If I understand correctly it is not the default setting due to it raising the difficulty to recycle ram space. I think lowering the setting for vfs_cache_pressure causes anything that is cached in the ram harder to overwrite. So to me to me having items cached on a scale of 1-10 what used to be a level 4 on difficulty could be bumped to a level 6 by lowering the vfs_cache_pressure value. Then from my Googleing due to the overwrite difficultly value becoming higher it becomes easier for the programs wishing to recycle the ram space to simply occupy a different (perhaps fresh) chunk of space. Thus I am figuring ram usage would increase.

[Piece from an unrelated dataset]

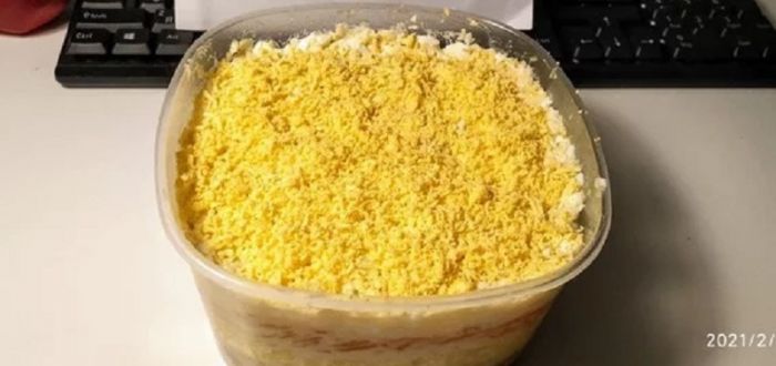 В оставшийся соус добавляем натертый (на мелкой терке) сыр, белок, 2 зубчика чеснока. Тщательно перемешиваем и выкладываем 4 слой, размазываем.С верху натереть желток.

And if the above brief bit of researching is correct... then it would make sense to me how the program speeds become quicker as more items would be actively using and caching in the ram, which of course is faster to read / write to then the disk. Which seems to also correlate with the mention of reduced hard disk access previously in this thread.

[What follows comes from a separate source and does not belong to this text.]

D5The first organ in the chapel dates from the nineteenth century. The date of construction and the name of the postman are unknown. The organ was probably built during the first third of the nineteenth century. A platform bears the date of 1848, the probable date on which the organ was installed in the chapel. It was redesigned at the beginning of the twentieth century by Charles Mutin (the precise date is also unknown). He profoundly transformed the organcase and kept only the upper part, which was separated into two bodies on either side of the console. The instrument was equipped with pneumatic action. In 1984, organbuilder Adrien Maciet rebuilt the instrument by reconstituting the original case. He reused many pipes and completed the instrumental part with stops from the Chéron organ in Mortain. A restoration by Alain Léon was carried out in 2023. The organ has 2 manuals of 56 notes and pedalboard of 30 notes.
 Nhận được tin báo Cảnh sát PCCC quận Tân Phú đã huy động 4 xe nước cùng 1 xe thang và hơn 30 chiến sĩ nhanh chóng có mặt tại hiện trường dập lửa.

So I would guess that it is set as default as (perhaps in the past? ) the setting was the best balance between active ram usage and cached ram usage.

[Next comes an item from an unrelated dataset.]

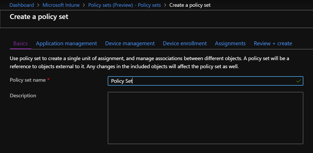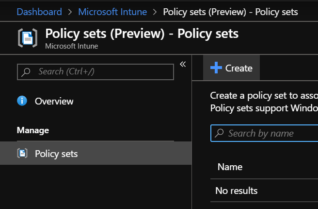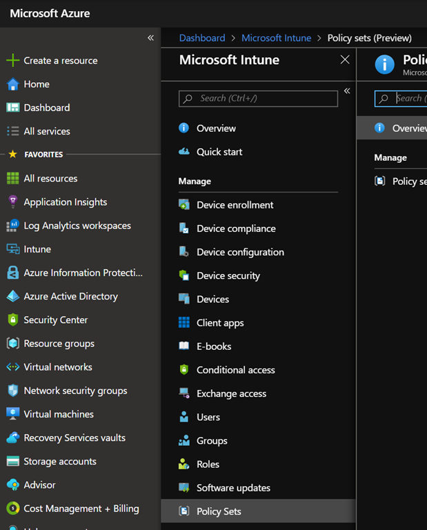 To start using Intune Policy Sets, logon to your Azure portal (https://portal.azure.com) and reach out the Intune\Policy Sets configuration blade

Please note I could be very easily wrong, as all the information above is my quick interpretation of some quick researching. Please correct me know this is the case.
Posts: 1,445
skidoo
Joined: 09 Feb 2012
#15
I am figuring ram usage would increase.
My scenario is root persistence live session, toram boot param, and the following non-default (user-set) iceweasel prefs/values:

browser.cache.disk.capacity = 0
browser.cache.disk.enable = false
browser.cache.disk.max_entry_size = 1 (why not zero? Idunno. I can't recall why I chose this value)
browser.cache.disk.metadata_memory_limit = 1
browser.cache.disk.smart_size.enabled = false
browser.cache.disk.smart_size.first_run = false
browser.cache.disk.smart_size.use_old_max = false
browser.cache.disk.smart_size_cached_value = 1 (why not zero? Idunno. I can't recall why I chose this value)
browser.cache.disk_cache_ssl = false
browser.cache.frecency_experiment = 3
browser.cache.offline.capacity = 0
browser.cache.offline.enable = false
extensions.getAddons.cache.enabled = false
browser.cache.memory.enable = true

so, in this scenario, I wouldn't expect ram usage to increase.
For me, aside from the obvious"installing stuff" and"downloading stuff" the biggest increase (incremental RAM overhead) seems to be from editing large files contained in the squashfs base image.
With each file edited, ya wind up with original file + edited copy in rootfs }} toram
Frequent flattening, via snapshot, is noticeably helpful in this regard.
low swappiness is one way to reduce 'wear' on an SSD
Ah, that's a good point.
FWIW, I've been running without fixed drive(s) mounted at boot for over a year. Usually the fixed drives aren't even cabled. (I guess I'm eliminating drive wear, haha)
USB2 pendrives + toram + 800MHz RAM ...is decently fast.
USB3 pendrives + toram + 1866MHz RAM (not yet my daily driver) is ridiculously fast.
I considered spending $$$ on a small SSD and going the 'frugal install' route but decided"no, that would amount to putting all my eggs in one basket".
Across 4(?) years, none of my dozen or so pendrives has failed (also a couple microSD cards w/ usb adapter).
Why isn't it a default setting?
Catering to, or playing it safe for, users of less capable hardware. That would have been my guess as to 'why?'
Thinking back, I'm wondering whether the 2012 Mint LMDE _did_ tweak these settings. Its live boot sessions were remarkably snappy compared to other distros.